31La description du palais d’Ingelheim par Ermold relève donc de l’ekphrasis dans son ambition – celle de donner à voir le contenu d’un décor – davantage que dans les recours poétiques mis en œuvre pour produire l’hypotypose et la création d’images sensorielles reçues par le lecteur. Pour les scènes bibliques comme pour les tableaux des héros francs, la description d’Ermold s’apparente beaucoup plus aux manuels des peintres byzantins dans lesquels on trouve, sous forme de liste, les principales caractéristiques iconiques des sujets devant être représentés40. Deux éléments doivent toutefois retenir notre attention : 1/ pour les sujets antiques, le poème d’Ermold le Noir constitue en soi une création picturale fondée sur la poésie classique (ce sont les mots du poète qui transforment le récit en tableau) ; 2/ la structure de la description crée une galerie de tableaux vivants ; on assiste à la mise en série, au rapprochement dans l’écriture de scènes ou de sujets, rapprochement qui acquiert, dans le mouvement de l’écriture, le statut de « collection » et qui transforme déjà le lecteur en spectateur. Il s’agit de la première composition pour l’Occident du haut Moyen Âge reprenant la notion de « galerie » qui connaîtra par la suite un grand succès – que l’on pense par exemple au long poème d’Eckeart de Saint-Gall pour les peintures de la cathédrale de Mayence41.

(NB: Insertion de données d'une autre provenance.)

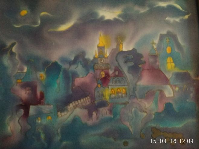 По стилю картину можно отнести и к импрессионизму, и к абстракционизму. То есть, в картине есть характеристики и того и другого. А вот по написанию, т.е. по технике исполнения, — это батик — специальная технология художественного исполнения картины с воском на ткани, в основном — на шелке. Название этой картины — "Сказка лунной ночи",(фантазия художника Заблоцкой).

  • 42 Éric Palazzo, « Visions and Liturgical Experience in the Early Middle Ages », Looking Beyond. Visio (...)

32Le passage qui pourrait davantage s’apparenter à l’ekphrasis correspond en réalité chez Ermold le Noir à la description faite de l’église Sainte-Marie de Strasbourg à travers le récit de deux visions du prêtre Theutram42. Fondés sur le pouvoir de la lumière, de l’éclat suscité par la vision extatique, les vers décrivent d’abord un oiseau placé sur l’autel qui pourrait très bien être un élément du mobilier liturgique, puis la disposition des autels à l’intérieur de l’espace ecclésial. Certes les renseignements de nature archéologique sont-ils très minces, mais Ermold rapporte avec cette fois un vocabulaire riche et une ampleur poétique réelle la vision de deux œuvres possibles, dans laquelle les sens sont largement sollicités, comme c’est le cas à la fois dans l’ekphrasis et dans la littérature de vision : la vue au premier plan (l’éblouissement, le ravissement), l’ouïe (le chant du coq, l’appel des religieux, le chant des psaumes, le fracas du tonnerre), le toucher (la sensation du vent).

  • 43 Monique Goullet et Dominique Iogna-Prat, « La Vierge en Majesté de Clermont-Ferrand », dans Le cult (...)

33On pourrait rapprocher la vision de Theutram d’un texte un peu plus tardif, composé dans un tout autre contexte littéraire et ecclésiologique, bien connu des spécialistes de l’iconographie, à savoir la Visio monachi Rotberti du diacre Arnaud décrivant la vision de la Vierge en majesté de la cathédrale de Clermont-Ferrand43. Il n’est pas question ici de revenir sur le dossier de l’image de la Vierge proprement dite, mais plutôt de constater à quel point ce récit (en prose), derrière la symbolique ecclésiale et les références apocalyptiques mises en avant par Dominique Iogna-Prat, recourt à l’arsenal littéraire de l’ekphrasis pour présenter au lecteur l’œuvre de l’église et de la statue, cette œuvre qu’il est impossible de décrire par les mots (sans que l’on sache si cette incapacité à décrire l’œuvre est celle du moine Robert qui a eu la vision, ou celle du diacre Arnaud qui la rapporte par écrit). L’extrême précision dans la description des matériaux et des formes s’accompagne d’un report très fin du travail des artistes. Or, le texte de la vision se conclut par un passage capital puisqu’il propose une véritable délimitation des contours de l’art : « Sache, très cher, que les hommes ont beaucoup peiné à cet ouvrage, et c’est avec l’agrément et l’aide de Dieu que, comme tu le vois, il est devenu si admirable ». L’artiste est celui qui grâce au concours de Dieu (ce Dieu créateur des matériaux de l’art et pourvoyeur de l’ingenium) peine et donne à voir la beauté de la Création. L’art est une forme de révélation et l’écriture en est le témoignage.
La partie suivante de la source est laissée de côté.